Tulane team releases guide to best local food and nutrition work

Diego Rose is a professor in the Tulane University School of Public Health and Tropical Medicine who specializes in socioeconomic determinants of nutrition, food and nutrition policy, food access, security and sustainability. (Photo by Paula Burch-Celentano)

Navigating the New Orleans food and nutrition scene just got easier. An interdisciplinary team at Tulane University recently developed the “Resource Guide to Innovative Work in Food & Nutrition in New Orleans.” This free guide was produced by Tulane Nutrition, part of the university’s School of Public Health & Tropical Medicine, with support from The Food Trust’s Center for Healthy Food Access and the Robert Wood Johnson Foundation. Tulane staff from the Tulane Prevention Research Center (PRC) also assisted in this effort.

“We strived to develop a comprehensive listing of innovative organizations doing food and nutrition system work in New Orleans,” said Diego Rose, Tulane nutrition professor. “Nothing like this guide currently exists.”

The team wants to support groups working throughout the food system — such as those growing, distributing and marketing food, as well as those educating about healthy choices — stay informed about what others are doing, all with the hope of building synergies through collaboration.

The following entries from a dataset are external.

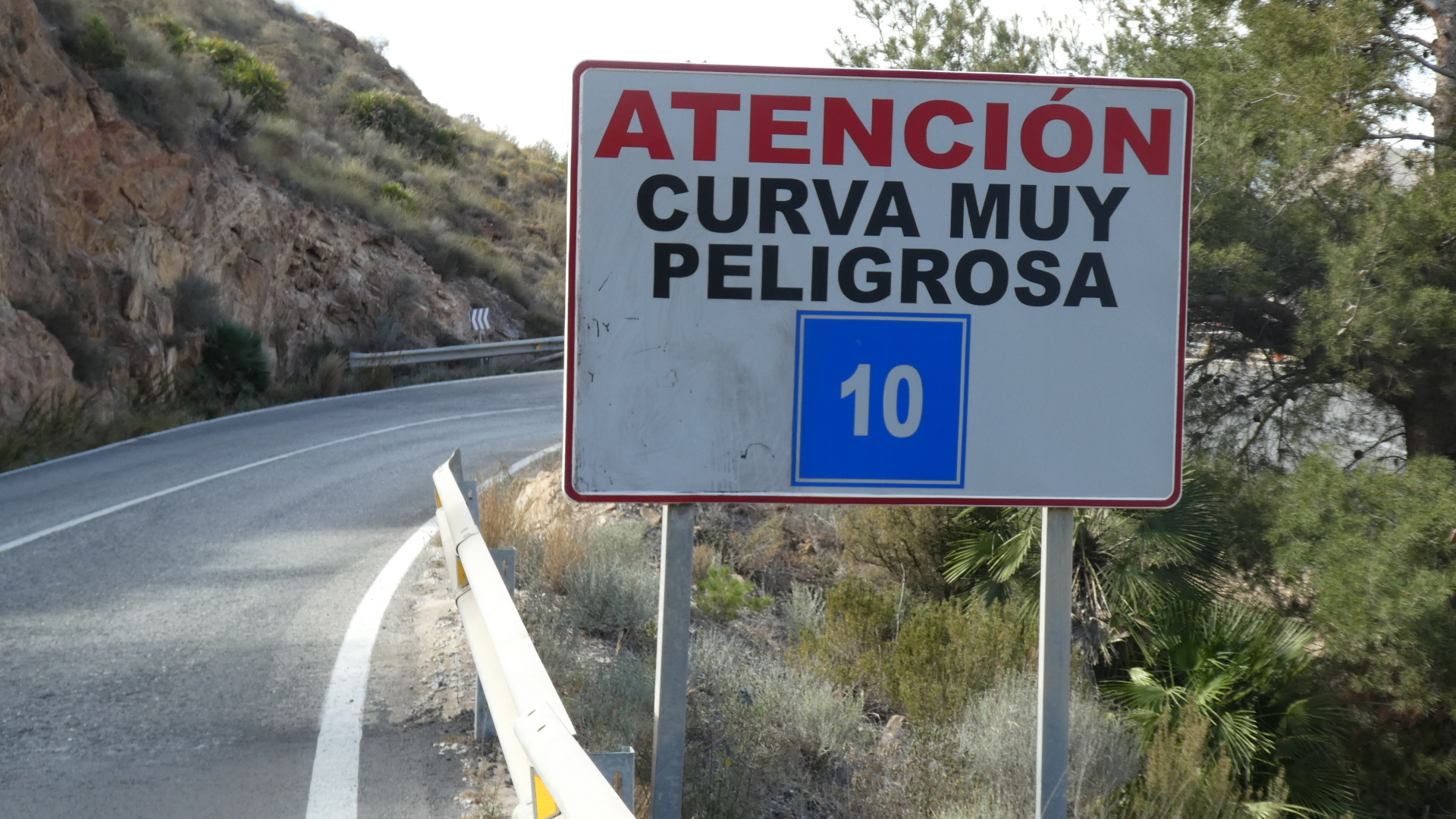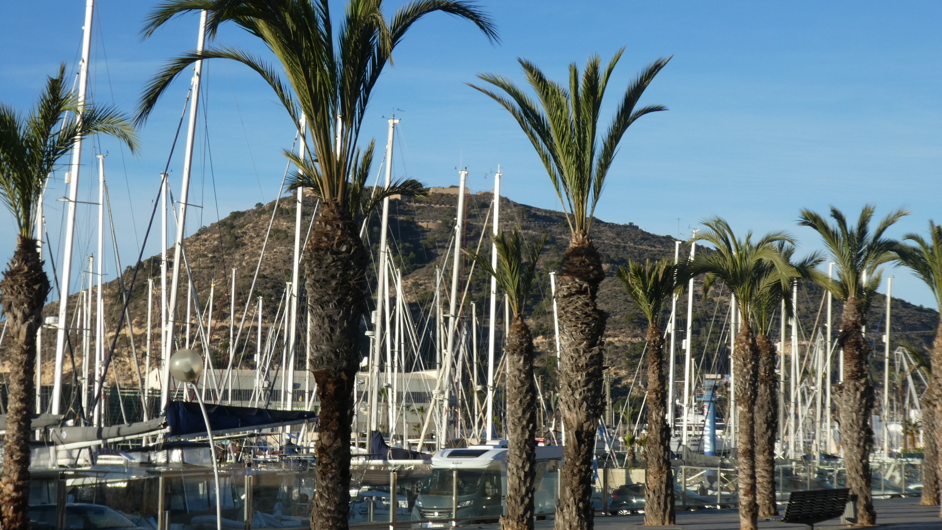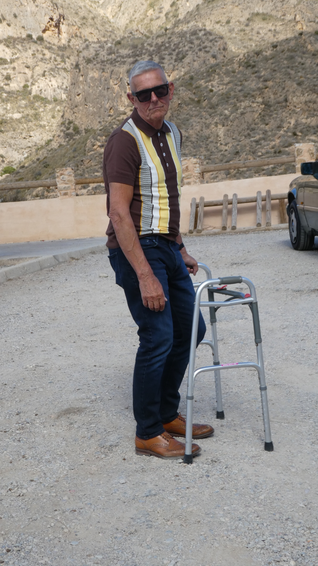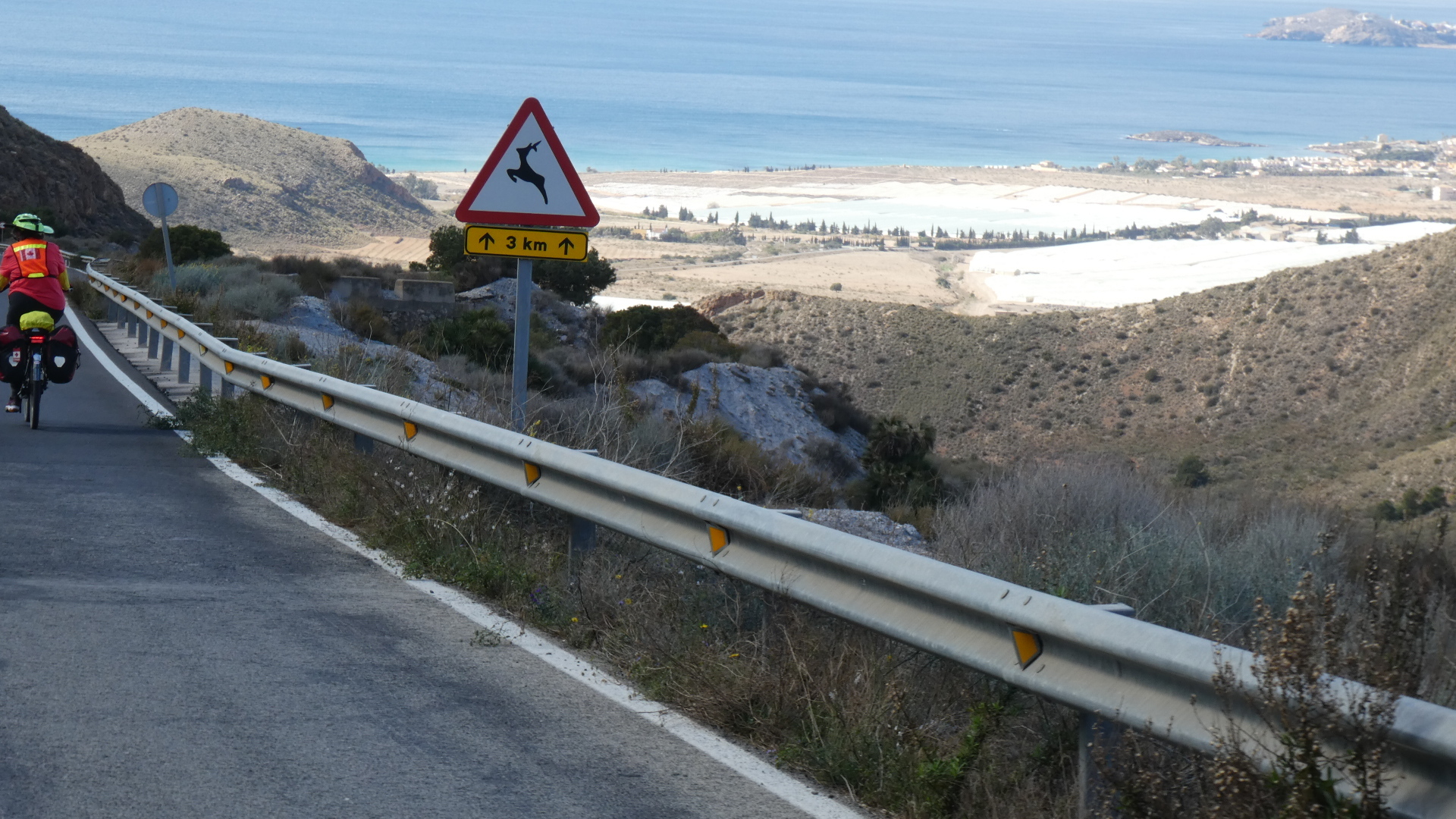 About half way down we came to a viewpoint. There, we answered some UQs from a couple from the UK. But it turned out the fellow had his own tale. The conversation starter was easy. He had been standing beside the back of his car, but he, or Mrs., opened the trunk and then we saw he could only walk with a walker. The tale was that two weeks ago he came off his bike, hitting sand in a roundabout, and sliding along his left side. There was an ambulance ride to Cartagena, and many x-rays. Apparently he is just severely bruised. For days, he could not sleep lying down, but is doing better now.
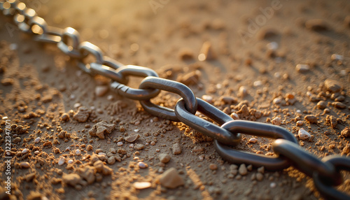 Broken chain link on dusty ground with soft sunlight highlighting edges
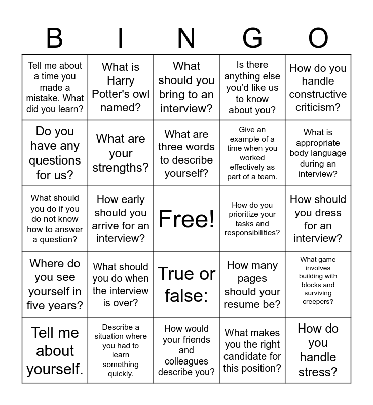 This bingo card has a free space and 29 words: Tell me about yourself., What are your weaknesses?, How early should you arrive for an interview?, Why are you interested in this position?, Tell me about a time you made a mistake. What did you learn?, What should you bring to an interview?, What are your strengths?, What should you do when the interview is over?, How do you prioritize your tasks and responsibilities?, Describe a situation where you had to learn something quickly., How should you dress for an interview?, How do you handle stress?, How would your friends and colleagues describe you?, What makes you the right candidate for this position?, What is appropriate body language during an interview?, How do you stay organize?, True or false:, Where do you see yourself in five years?, How do you handle constructive criticism?, What should you do if you do not know how to answer a question?, How many pages should your resume be?, Talk about a time that you overcame a challenge., Give an example of a time when you worked effectively as part of a team., Do you have any questions for us?, Is there anything else you’d like us to know about you?, What is Harry Potter's owl named?, What game involves building with blocks and surviving creepers?, What are three words to describe yourself? and Should you have your phone out during an interview?.
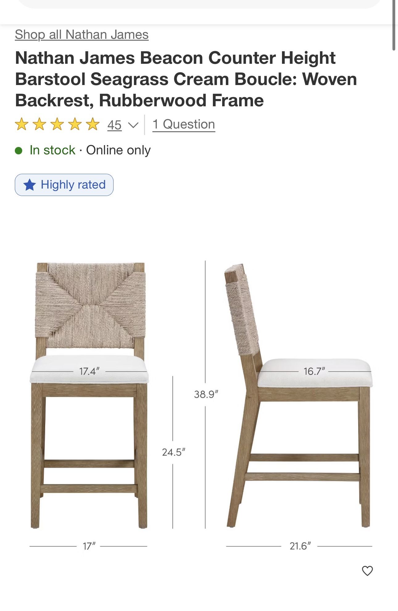 New in box. One bar stool. Counter height with woven backrest. Rubberwood frame. $100
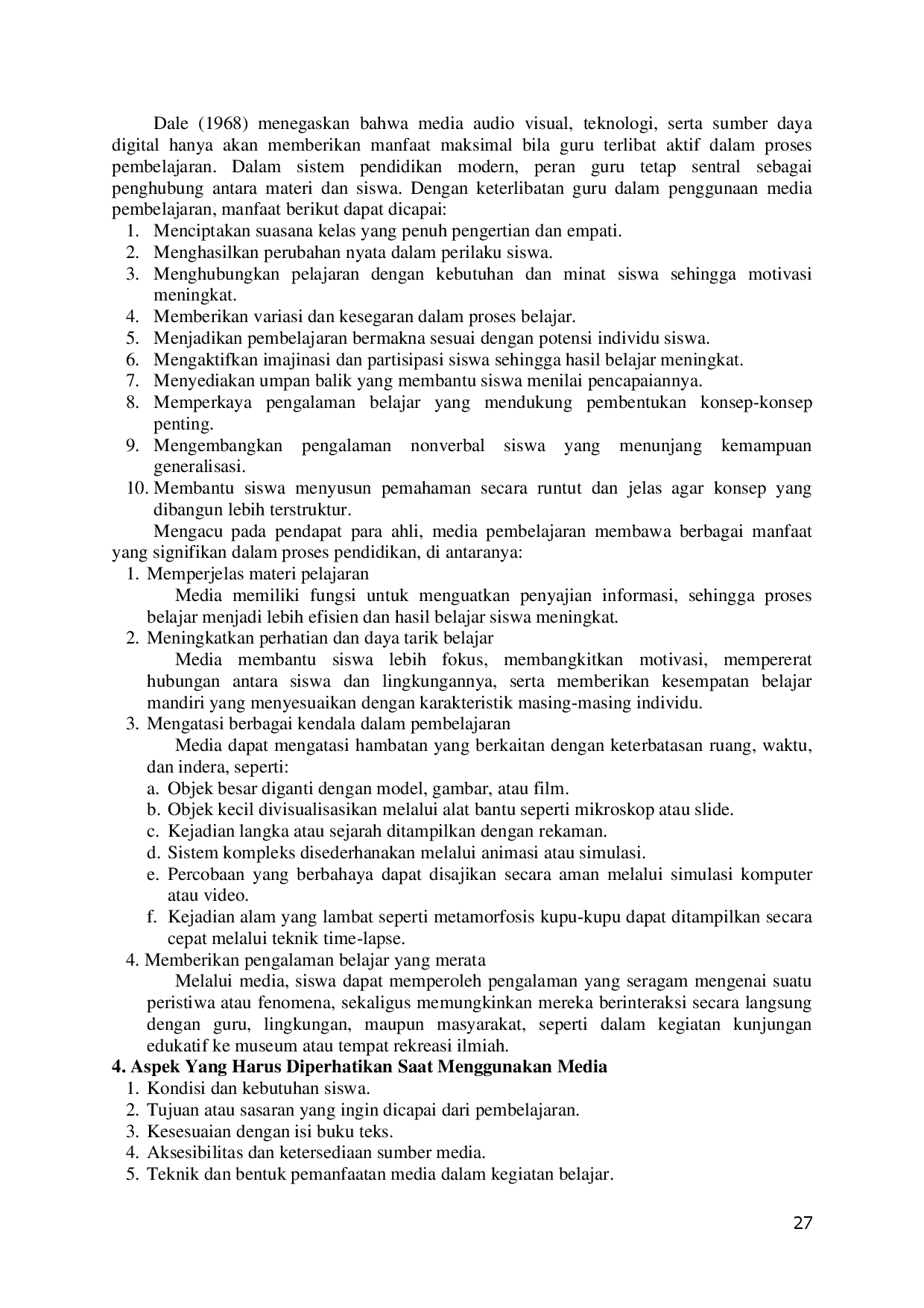 Jurnal Pendidikan MultidisiplinerJurnal Pendidikan MultidisiplinerDengan kemajuan teknologi yang terus berkembang, media pembelajaran kini memegang peranan penting dalam mendukung proses pendidikan. Hal ini mendorong para pendidik untuk memanfaatkan berbagai media pembelajaran yang terus berkembang sebagai sarana bantu dalam penyampaian materi, sehingga pembelajaran dapat berlangsung lebih optimal. Perubahan teknologi memberikan pengaruh besar dalam ranah pendidikan, khususnya pada aspek proses pembelajaran. Saat ini, media audio visual, teknologi, dan sumber daya digital menjadi alat yang sangat bermanfaat untuk meningkatkan mutu pembelajaran di berbagai tingkat pendidikan. Tujuan dari penulisan artikel ini adalah untuk menguraikan betapa pentingnya penggunaan media tersebut dalam meningkatkan proses dan hasil belajar pada semua tingkat pendidikan. Jika dibandingkan, hasil belajar melalui indera penglihatan dan pendengaran menunjukkan perbedaan yang signifikan. Sekitar 75% informasi diperoleh melalui penglihatan, sementara hanya 13% melalui pendengaran, dan sisanya 12% melalui indera lainnya. Temuan ini menegaskan bahwa penggunaan media audio visual, teknologi, dan sumber daya digital memberikan kontribusi besar terhadap tercapainya pembelajaran yang efektif. Di samping mempermudah siswa dalam memahami materi ajar, hal ini juga mendorong guru untuk lebih kreatif dalam merancang penyampaian materi, menyesuaikan strategi pembelajaran dengan karakteristik peserta didik, dan menentukan media yang sesuai serta optimal.
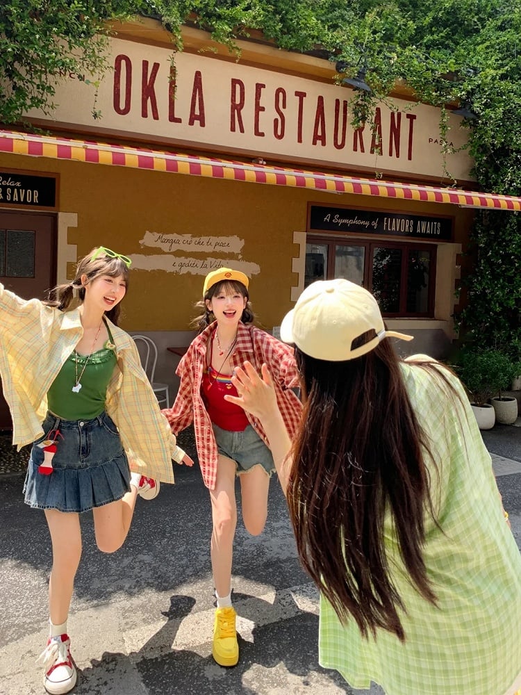 レッドフェイクツーピースキャミソールトップとレッドチェックシャツセット
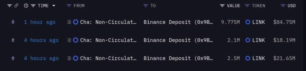Digging a bit deeper, the flow wasn’t just one massive dump. According to Arkham data, around 14.37 million LINK—worth about $124 million—was sent to Binance in chunks: 9.77 million, then 2.5 million, followed by 2.1 million. That staggered pattern feels intentional, almost careful.
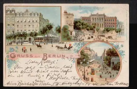 Berlin. Gruss aus. Potsdamer Bahnhof. - Gelaufen 1899. (NPLZ 10000) Posiadamy rowniez konto zlotowkowe w Polsce.
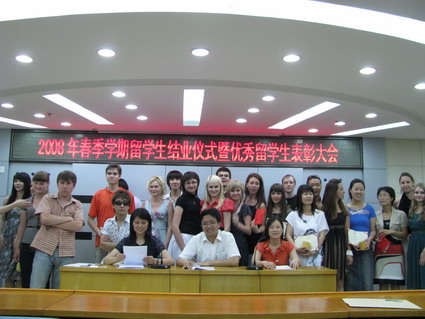 【新闻中心讯】2008年6月25日下午三点半,2008年春季学期留学生结业仪式暨优秀留学生表彰大会在18层学术报告厅举行,国际教育学院的全体任课教师和留学生参加了结业仪式。
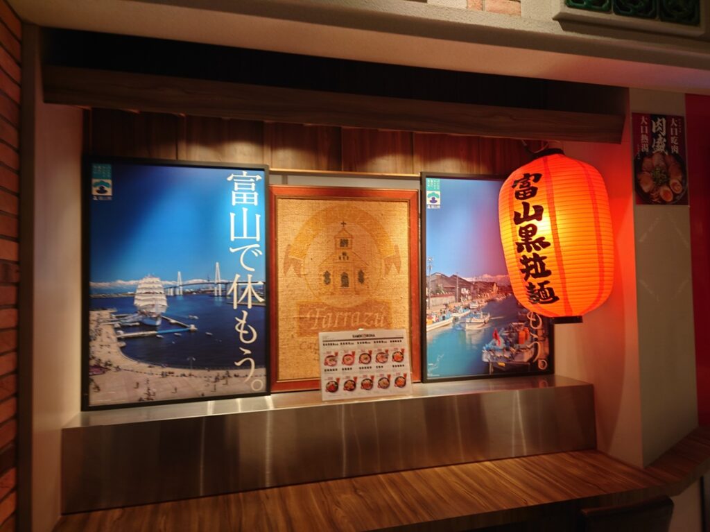 5階南エリアのラーメン店にあった「富山で休もう」のポスター。私、福井県民なんですが。
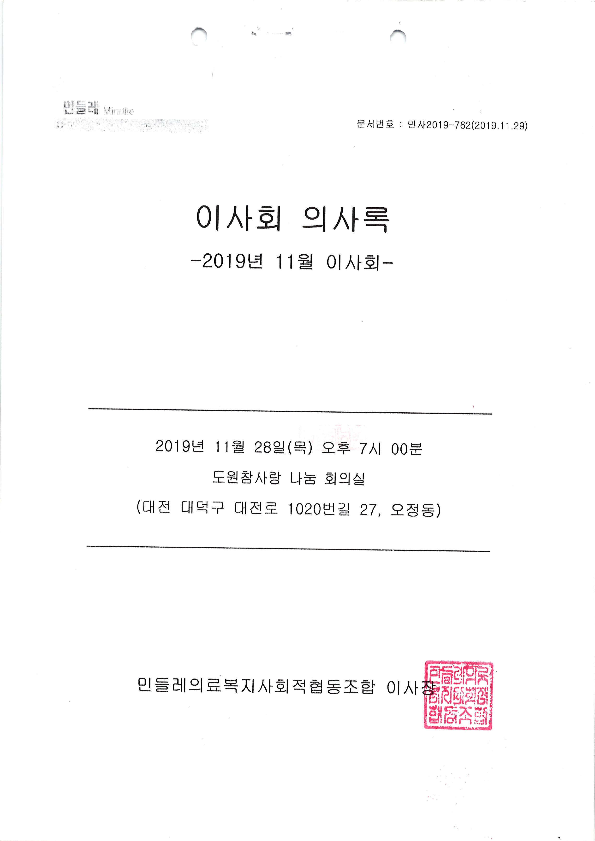 [2019-11] 임시이사회 결과보고
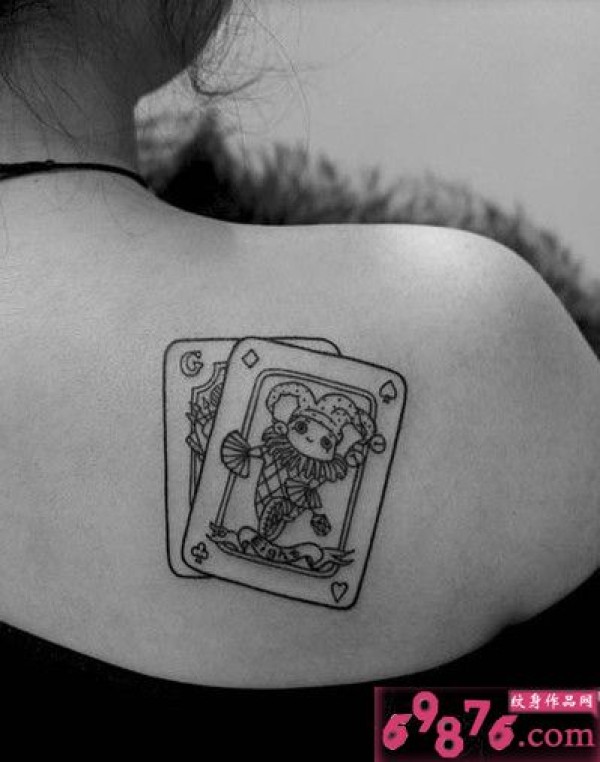 女生个性扑克牌大王纹身_肩部纹身图案大全_纹身图吧

The guide can be found and downloaded for free on the Tulane nutrition website at sph.tulane.edu/nutrition.

The information in this guide was collected using an online survey fielded in the fall of 2017 and was designed to examine the landscape of social innovation in food and nutrition in New Orleans. A list of organizations doing such work was compiled from previous lists that had been developed by the Tulane team, Propeller, the New Orleans Food Policy Advisory Committee and Fit NOLA.

“We hope local residents and community-based organizations find this guide useful in some small way. We look forward to comments and feedback, not only for improving future iterations of this guide, but also, and more importantly, for improving the New Orleans food and nutrition system,” said Rose.